Policy audit remains hash-first (Hedera HCS anchorRef or off-chain custody with
policyHash on the grant). NFToken-based anchoring and burn-to-revoke were deprecated in
favour of Credentials; see PolicyGrant — Revocation.
Low Fees
XRPL transaction fees are a fraction of a cent (typically ~0.00001 XRP). This makes MPCP viable for the full range of machine payment scenarios:
| Payment type | Typical amount | XRPL fee | Fee as % |
|---|---|---|---|
| Parking (30 min) | $1.50 | ~$0.0001 | 0.007% |
| EV charging session | $8.00 | ~$0.0001 | 0.001% |
| Toll | $0.75 | ~$0.0001 | 0.013% |
| API inference call | $0.02 | ~$0.0001 | 0.5% |
EVM gas fees at congested periods would make sub-$1 payments economically unviable. Stripe/hosted rails charge 2–3% plus fixed fees, which would consume a meaningful fraction of micro-payments.

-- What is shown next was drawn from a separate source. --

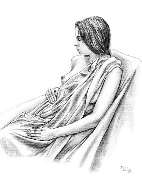 Nude Sitting In Chair, charcoal on paper. Please contact the
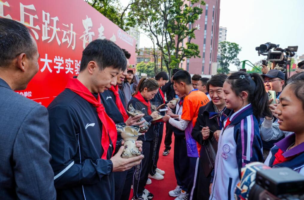 学生送瓦猫与奥运冠军交流切磋

What Other Rails Would Need
MPCP's authorization layer is designed to be extensible. Adding a new settlement rail to a future MPCP profile requires:
- Budget pre-reservation — A mechanism to lock
budgetMinorat grant issuance that the ledger enforces (not just the application) - Per-payment memo — A way to attach
grantIdto each settlement transaction for on-chain audit - Deterministic finality — Confirmation within a timeframe compatible with machine payment UX
- Low per-transaction cost — Economically viable for sub-$10 payments
XRPL satisfies all four natively. Future profiles may define how other rails satisfy these requirements — for example, an EVM profile using a smart contract escrow, or a Stripe profile using earmarked funds.
Summary
| Property | XRPL | Why it matters for MPCP |
|---|---|---|
| Native escrow | Yes | Budget ceiling enforced by ledger, not application |
| Deterministic finality | 3–5s | Machine UX requires fast confirmation |
| Memo field | Yes | On-chain grant-id audit trail |
| RLUSD stablecoin | Yes | Fiat-denominated operational budgets |
| did:xrpl identity | Yes | PA key resolution without external infrastructure |
| XLS-70 Credentials | Yes | On-chain grant liveness + CredentialDelete revocation |
| Sub-cent fees | Yes | Viable for parking, tolls, micro-payments |
XRPL is not the only possible settlement layer for MPCP — it is the one that maps most naturally to the protocol's requirements in v1.0. Other rails may be added as MPCP profiles mature.